Uma mesa anunciada como madeira maciça parece normal por meses, até uma lasca revelar material diferente no interior. A situação é fictícia, baseada em regras reais do CDC: oferta, composição informada, vício oculto, momento da descoberta e documentos da compra podem definir como a divergência será analisada.

Por que a expressão madeira maciça muda a análise dessa compra?

A situação fictícia depende de uma característica objetiva: a mesa foi apresentada como madeira maciça. Se o termo apareceu no anúncio, pedido ou nota, ele pode integrar a oferta e criar uma expectativa concreta sobre composição e qualidade do móvel.

O conceito de relação de consumo está no Código de Defesa do Consumidor. Para o casal, o ponto não seria discutir preferência por um material, mas demonstrar que o produto entregue teria composição diferente daquela usada para vender a mesa.
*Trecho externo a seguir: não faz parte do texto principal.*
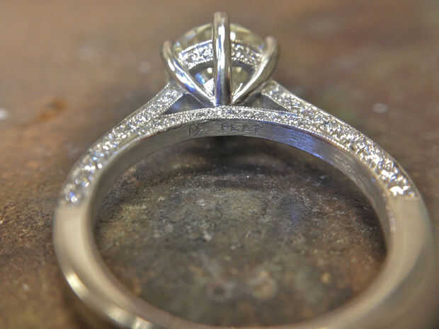 Puse mi granito de arena trazado en mi herramienta rotatoria y grabar las marcas adecuadas en el interior del anillo. Ya que este anillo es de 95/5 Platino/Rutenio inscribir "PLAT" dentro del ring. Para un anillo marcado "PLAT" o "Platino" es tiene que ser al menos 95% aleación de platino pura.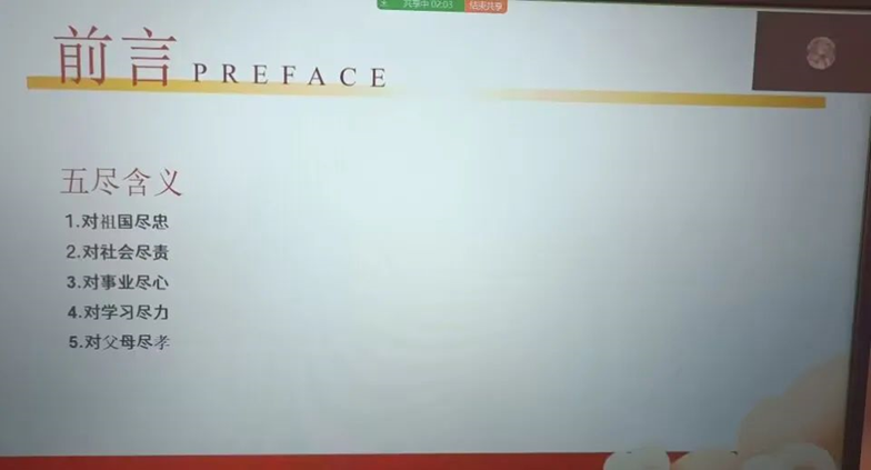 为大力弘扬爱国主义精神,激发振奋当代老员工的爱国热情与爱国情怀,公司于2022年12月4日组织开展了”五尽教育“主题班会,本次班会近160名同学参与,会议主要宣讲了对祖国尽忠、对社会尽责、对事业尽心、对学习尽力、对父母尽责。

Fotos da lasca ajudam a registrar a diferença entre a aparência externa e o material encontrado no interior

O que a lei diz quando o produto tem material diferente do anunciado?

Os artigos 18, 30 e 31 do CDC tratam de vício, vinculação da oferta e dever de informação. A composição é uma característica relevante, por isso a descrição clara do material pode ser decisiva para comparar promessa e entrega.

O STJ também já afirmou que a oferta vincula o fornecedor e cria responsabilidade pelas expectativas geradas pela publicidade. Isso não resolve automaticamente o caso da mesa, mas reforça a importância de guardar a descrição usada na venda.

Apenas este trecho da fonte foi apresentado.